Let's assume we have some data stored on the Desktop. For this, create a folder on your Desktop, call it `my_data` and put `blobs.tif` inside. Now we create a string with the location of the desktop:

In [5]:
root = r'C:\Users\johan\Desktop'

Let's have alook at all the stuff on our Desktop - the directory `my_data` should be there now:

In [6]:
os.listdir(root)

['desktop.ini', 'Mailbox', 'MQ', 'my_data', 'PoL-Johannes']

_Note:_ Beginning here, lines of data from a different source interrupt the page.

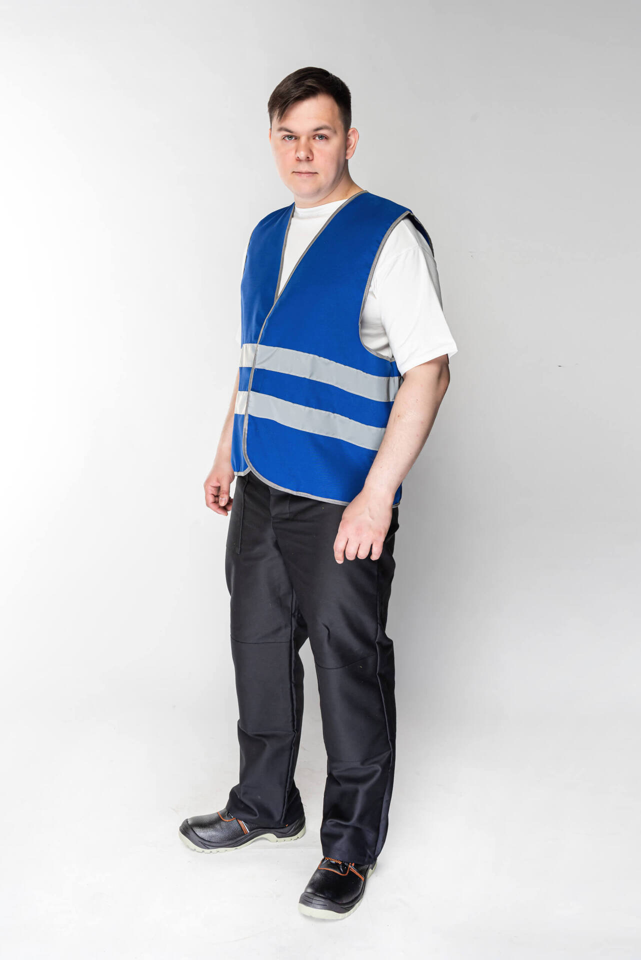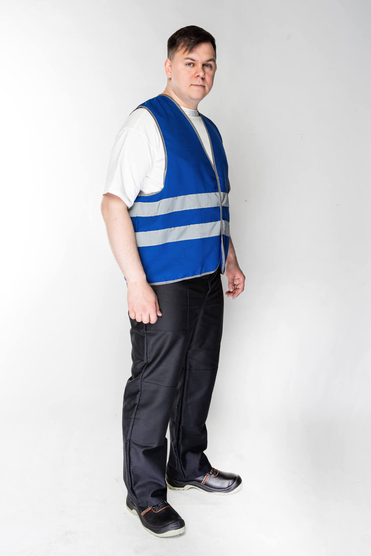 Светоотражающий синий жилет 1 класс защиты, обладающий повышенной видимостью
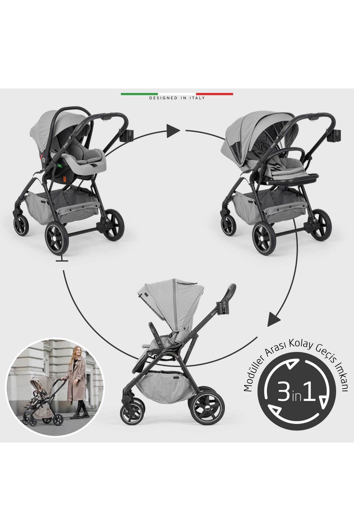 Hera Travel Sistem Bebek Arabası Silver gri
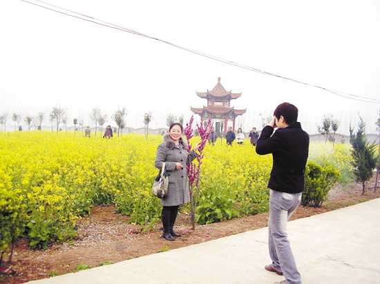 时下,春暖花开,正是人们游玩的好时节。图为游人在仙景纪念园里拍照留念。记者 王映 摄
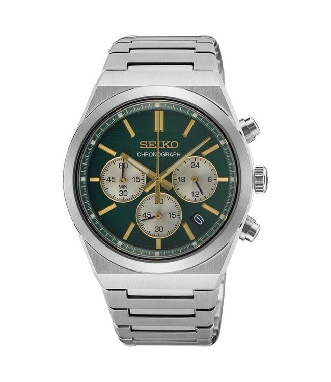 De Seiko SSB461P1 Chronograaf voor heren combineert sportieve functionaliteit met een moderne en verzorgde uitstraling. De roestvrijstalen kast en stalen schakelband zorgen voor een stevige en stijlvolle basis, terwijl de groene wijzerplaat het horloge een opvallend en eigentijds karakter geeft. Dit model is uitgerust met een betrouwbaar quartz-uurwerk, kaliber 8T63, en beschikt over een chronograaf, datumweergave, 24-uurs aanduiding en kleine seconde. De stopwatch meet tot 60 minuten in stappen van 1/5 seconde, wat dit horloge praktisch maakt voor dagelijks gebruik. Dankzij het saffierglas en de waterbestendigheid van 10 bar is de Seiko SSB461P1 een duurzame en veelzijdige keuze voor de moderne man.
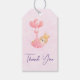 Geschenketiketten mit einer anmutigen Abbildung eines kleinen braunen Babybastes mit einer winzigen goldenen Krone. Von Ballons in einer rosa Herzdecke getragen.
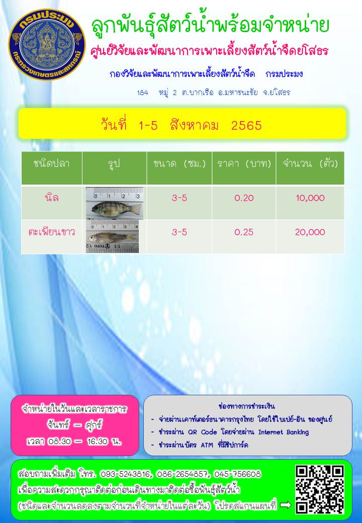ลูกพันธุ์สัตว์น้ำพร้อมจำหน่าย วันที่ 1 - 5 สิงหาคม 2565 ของศูนย์วิจัยและพัฒนาการเพาะเลี้ยงสัตว์น้ำจืดยโสธร
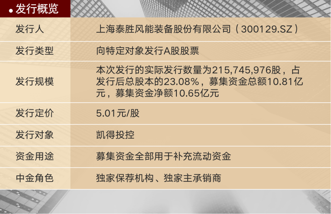 6月6日,上海泰胜风能装备股份有限公司(以下简称“泰胜风能”、“发行人”或“公司”,代码:300129.SZ)向特定对象发行A股股票项目(以下简称“本次发行”或“本项目”)成功完成。中金公司在本项目中担任独家保荐机构、独家主承销商。

To obtain the complete path name of `blobs.tif` we can string together the directory structure towards the image with `os.path.join`. This will create full path to the image we are looking for. We can also check if this image really exists where we think it is.

*Note*: This could be done in a simpler fashion by simply doing something like `path = root + '/my_data' + 'blobs.tif'`, but the huge advantage of `os.path.join` is that it takes care of the file format and we don't have to think about using `/` or `\` or `\\`, etc. Hence, this will work on all operating systems.

In [9]:
filename_image = os.path.join(root, 'my_data', 'blobs.tif')
os.path.exists(filename_image)  # returns True if image exists

True

## Iterating over directories

Now, go to the `my_data`  directory and copy the `blobs.tif` image a couple of time, nevermind the names of the copied images. Let's now create a new file string that points directly to the data directory and print all the files there:

In [14]:
data_dir = os.path.join(root, 'my_data')
list_of_images = os.listdir(data_dir)
list_of_images

['blobs - Kopie (2).tif',
 'blobs - Kopie (3).tif',
 'blobs - Kopie.tif',
 'blobs.tif']

To iterate over all the images here, we need a `for` loop. Python provides a very simple syntax for such operations. 

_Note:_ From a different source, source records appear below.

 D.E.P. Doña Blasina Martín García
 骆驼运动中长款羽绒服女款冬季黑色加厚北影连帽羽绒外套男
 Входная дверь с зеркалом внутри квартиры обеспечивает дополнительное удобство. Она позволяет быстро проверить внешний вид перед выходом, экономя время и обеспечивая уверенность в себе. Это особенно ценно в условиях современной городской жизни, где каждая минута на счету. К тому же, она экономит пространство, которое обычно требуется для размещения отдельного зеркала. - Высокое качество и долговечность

**Important**: Everything that is indended, happens *within* the loop and is potentially overwritten during each cycle of the loop! The loop ends when the indendation is decreased again:

In [52]:
for filename in list_of_images:
    print(filename)  # The variable filename is the "iterator": It changes in every step of the loop

print('Loop finished!')

blobs - Kopie (2).tif
blobs - Kopie (3).tif
blobs - Kopie.tif
blobs.tif
Loop finished!


Note that this does not return the full filename, but only the "base name" of the file. To retrieve the full path we can do:

In [20]:
for filename in list_of_images:
    full_path = os.path.join(data_dir, filename)
    print(full_path)
    
    # image = io.imread(full_path)  # We could now read each image like this, but `image` would be overwritten in every cycle of the loop.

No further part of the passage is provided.